The focal length of the lens is going to be:
Guru Vishnu
Guru Vishnu
@JohnRennie One small issue: I think $R_2=\infty$
John Rennie
John Rennie
$$ \frac{1}{f} = \left(\frac{n_1}{n_2} - 1\right) \frac{1}{R_1} $$
Guru Vishnu
Guru Vishnu
@JohnRennie Yes sir.
John Rennie
John Rennie
@GuruVishnu oops yes.
In (a) $n_2 > n_1$ so $f < 0$ i.e. it is a diverging lens. And for a real object a diverging lens always produces a virtual object. So (a) is true.
Guru Vishnu
Guru Vishnu
Feb 29, 2020 10:06
@JohnRennie Yes sir. No problem with (a). The (c) is the one giving me some trouble.
John Rennie
John Rennie
OK. In (c) $n_1 > n_2$ so it is a converging lens.
Guru Vishnu
Guru Vishnu
@JohnRennie Ok sir.
John Rennie
John Rennie
The lens equation is:
$$ \frac{1}{v} = \frac{1}{f} + \frac{1}{u} $$
Guru Vishnu
Guru Vishnu
For both $f$ and $u$ is positive, $v$ is always positive.
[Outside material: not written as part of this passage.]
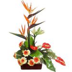 Arreglo con 7 gerberas. 3 anturios, 1 lilium, 3 esterlicias y follaje verde.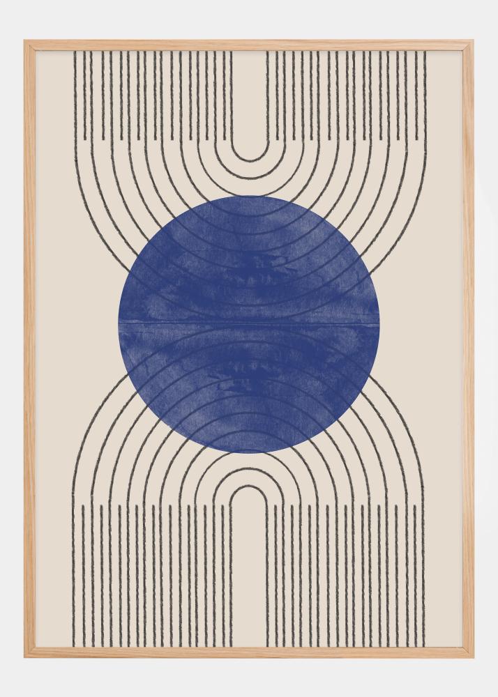 Създайте спокойна и събрана атмосфера в стаята си с нашия абстрактен постер, който смесва меки линии и смели цветове. Големият син кръг в средата придава осезаемо усещане за спокойствие и е като портал към друг свят, рамкиран от серия концентрични дъги, които създават архитектурно усещане. Това произведение на изкуството смесва традиция с модерност и придава мирен баланс на вашата обстановка.

Then how can a virtual image be impossible?
It's always the possibility.
John Rennie
John Rennie
For a virtual image $v < 0$ and for a virtual object $u > 0$, and we know $f > 0$.
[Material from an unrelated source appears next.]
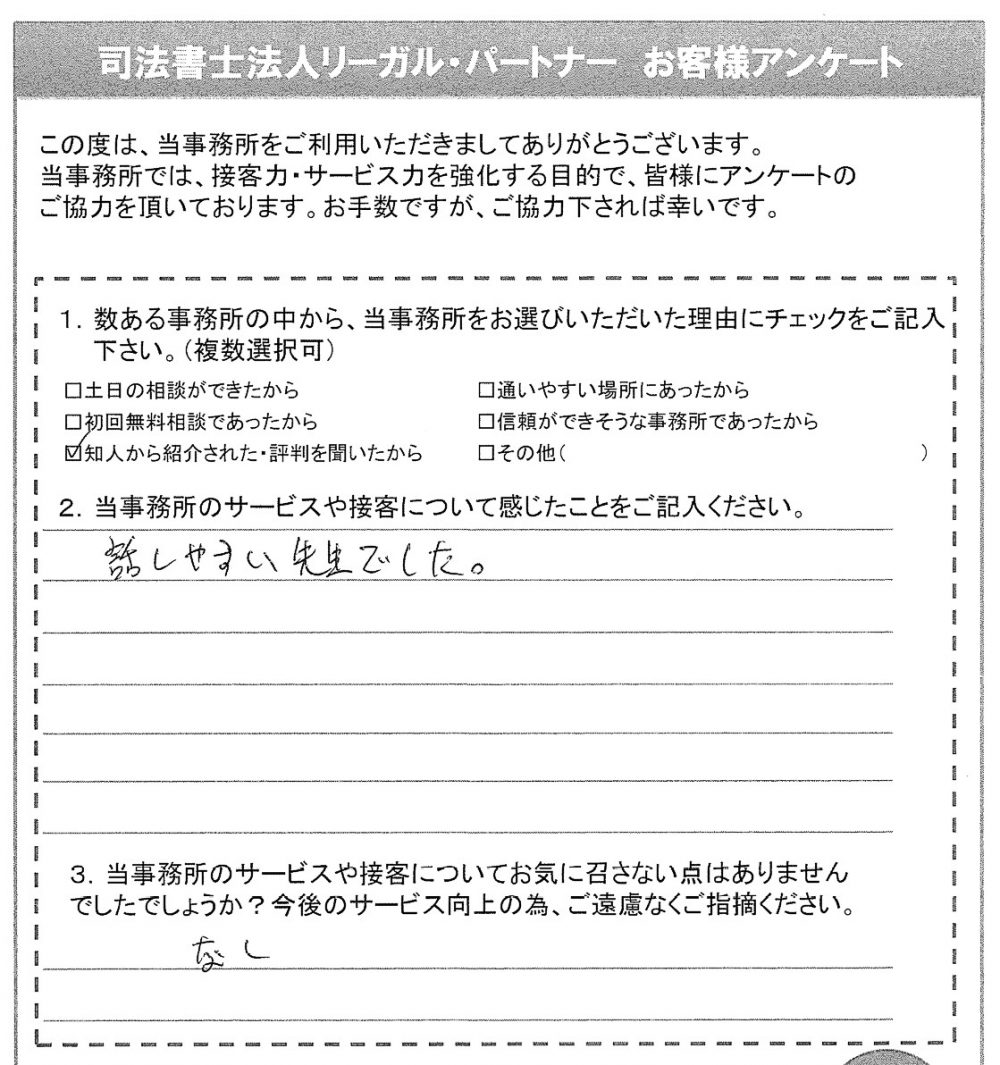 話しやすい先生でした。

So let's write our equation with these signs:
$$ \frac{-1}{|v|} = \frac{+1}{|f|} + \frac{+1}{|u|} $$
OK so far?
Guru Vishnu
Guru Vishnu
Feb 29, 2020 10:10
@JohnRennie Completely understood my fault. I considered +ve sign for virtual image instead of negative sign. Thank you very much sir :-)
John Rennie
John Rennie
:-)
 
Conversation ended Feb 29, 2020 at 10:10.